July: The Future (2011)

Miranda July’s second film is just as haunting and melancholy as her debut. Originally titled Satisfaction, it’s about a couple in their mid-thirties – Sophie (July) and Jason (Hamish Linklater) – who decide to cement their relationship by adopting a stray, injured kitten named Paw Paw, who narrates the film, and is voiced by July. They’re given one month to get their lives in order while Paw Paw is recovering at the vet, and it quickly comes to feel like the last month before the future arrives in its entirety, the last month in which the present and future are distinct from each other. Almost as soon as the film starts, the present and future start to fuse and petrify into something else, eventually splitting Sophie and Jason into the present future and the future present, as they embark upon a pair of diverging universes and timelines. That creates something of an apocalyptic atmosphere, the dissolution of time that signals the arrival of end time, but by taking end time as literally and matter-of-factly as possible, July creates quite an unusual apocalypse – this vision of L.A. just gets quieter and quieter, cuter and cuter, like a tablet that goes out of date the moment you start using it. Nowhere in July’s oeuvre is cuteness quite as disempowering as it is here – everyone and everything is too swathed in adoration and warmth, too connected to all the manifold presences stroking and petting our every move, to have any kind of autonomy.
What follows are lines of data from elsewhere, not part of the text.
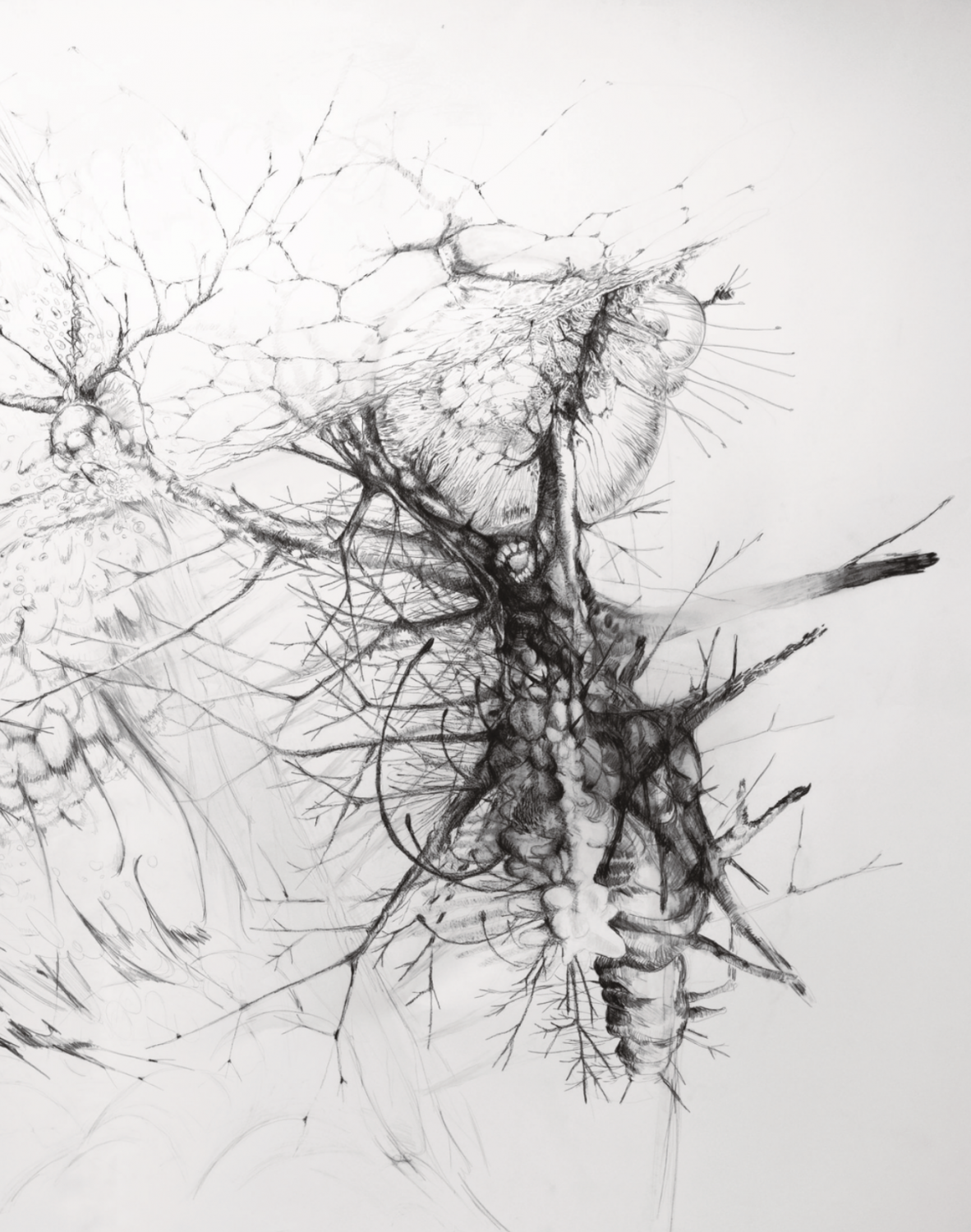 Surfaces, crayon graphite et fusain te sur papier, 156 x 198 cm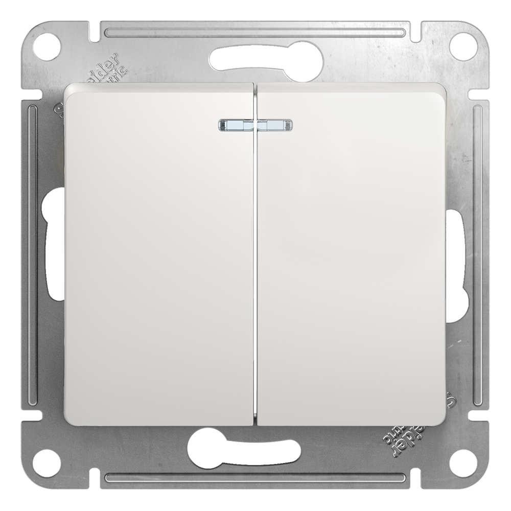 Выключатель с подсветкой 2 клавишный белый Glossa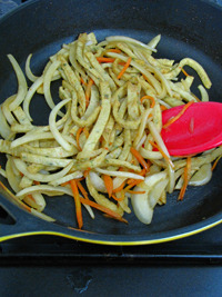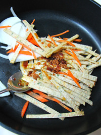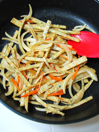 그런다음... 팬에 들기름 1스푼을 두른후... 재료를 볶아줍니다... (센불에서 살짝만 볶아주셔두 된답니다..)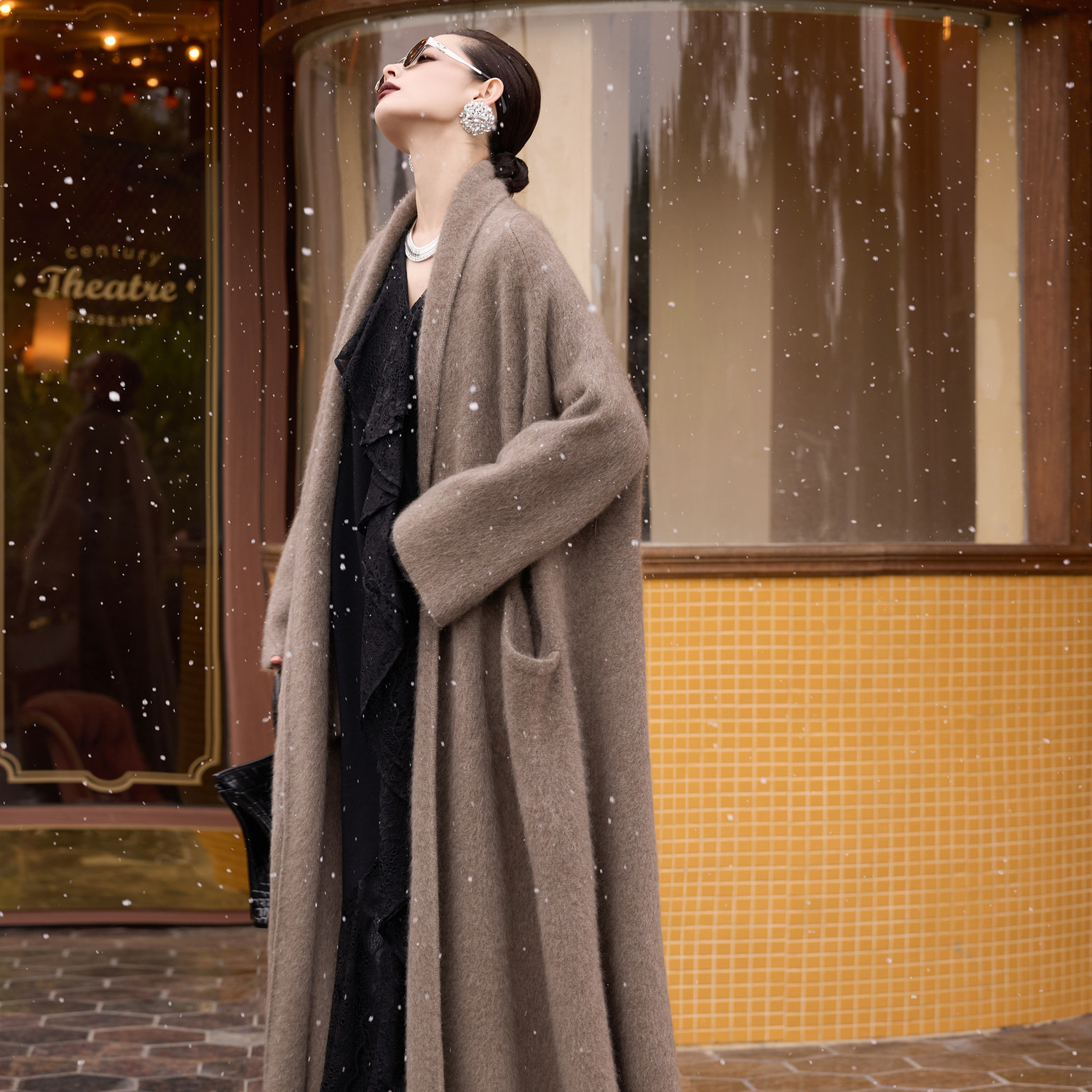 松弛感毛呢外套 新款 TU女装 重工加厚牦牛绒拉绒大衣25年冬季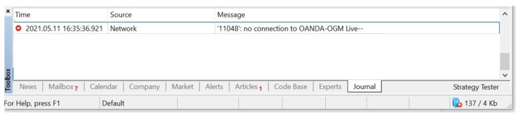 如果您输入的服务器不正确或您的平台服务器列表需要刷新,MT5平台将在Toolbox(工具箱)下的Journal(日志)选项卡中显示no connection(无连接)错误消息。

And as the apocalypse approaches, July imperceptibly morphs with all the tchotchkes littering her apartment, in a kind of becoming-doll that cries out for the poses, postures and blocking of performance art as much as cinema. From that perspective, it’s more like Paw Paw adopts Sophie and Jason than vice versa, perhaps explaining why it’s so difficult to figure out whether we’re seeing things from Paw Paw’s perspective or July’s. And the perspective of Paw Paw-July creates an L.A. ensemble drama that’s perhaps even more original than Me and You and Everyone We Know – in a world without a future, there’s simply no difference between incidental encounters and the relationships they might have become, or the allegories they might have told, literalising the most amorphous of American cities into a sprawl of permanent moments.